DATA BELOW:
++++++++++
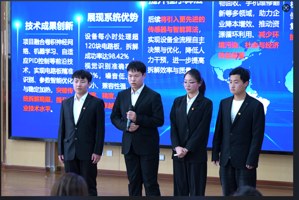 决赛路演中,参赛团队代表立足项目选题,通过PPT讲解、数据论证、实物展示等多种方式,全面呈现出项目的研究背景、创新成果及实践价值。评委专家以专业视角对参赛作品进行深度剖析,从技术可行性、创新性、科学性等维度,精准指出作品的优势与不足,提出针对性建议。专家的点评兼具理论高度与实践价值,为参赛项目指明优化方向,也为校园创新创业提供有益的思路与启发,助力参赛者在未来的赛事中实现突破。
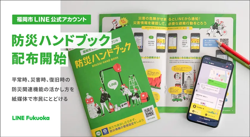 LINE Fukuoka株式会社(本社:福岡県福岡市博多区、代表取締役社長:落合 紀貴)は、福岡市と共働してサービスを提供している福岡市LINE公式アカウントに搭載した防災関連の機能について周知し、利活用を促進するため、平常時、災害時、復旧時の時系列で活用法をまとめた「福岡市LINE公式アカウント 防災ハンドブック」を制作し、福岡市民に向け配布を開始したことをお知らせいたします。
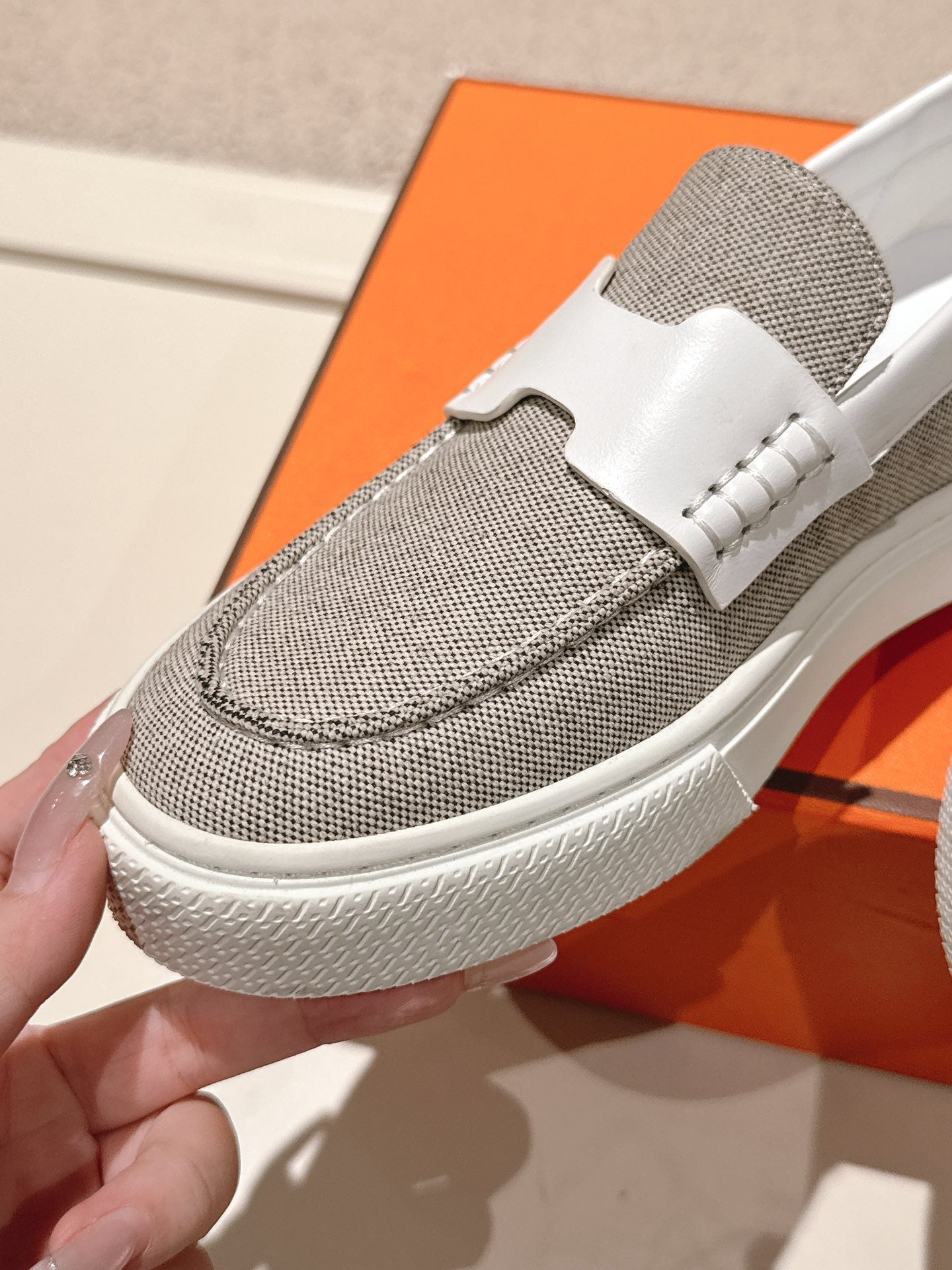 HM 25ss Platform Loafers Gray White Denim Cowhide 577167
++++++++++
TASK DESCRIPTION:
Restate every line above exactly, omitting images.

RESPONSE FOR THIS EXERCISE:
 决赛路演中,参赛团队代表立足项目选题,通过PPT讲解、数据论证、实物展示等多种方式,全面呈现出项目的研究背景、创新成果及实践价值。评委专家以专业视角对参赛作品进行深度剖析,从技术可行性、创新性、科学性等维度,精准指出作品的优势与不足,提出针对性建议。专家的点评兼具理论高度与实践价值,为参赛项目指明优化方向,也为校园创新创业提供有益的思路与启发,助力参赛者在未来的赛事中实现突破。
 LINE Fukuoka株式会社(本社:福岡県福岡市博多区、代表取締役社長:落合 紀貴)は、福岡市と共働してサービスを提供している福岡市LINE公式アカウントに搭載した防災関連の機能について周知し、利活用を促進するため、平常時、災害時、復旧時の時系列で活用法をまとめた「福岡市LINE公式アカウント 防災ハンドブック」を制作し、福岡市民に向け配布を開始したことをお知らせいたします。
 HM 25ss Platform Loafers Gray White Denim Cowhide 577167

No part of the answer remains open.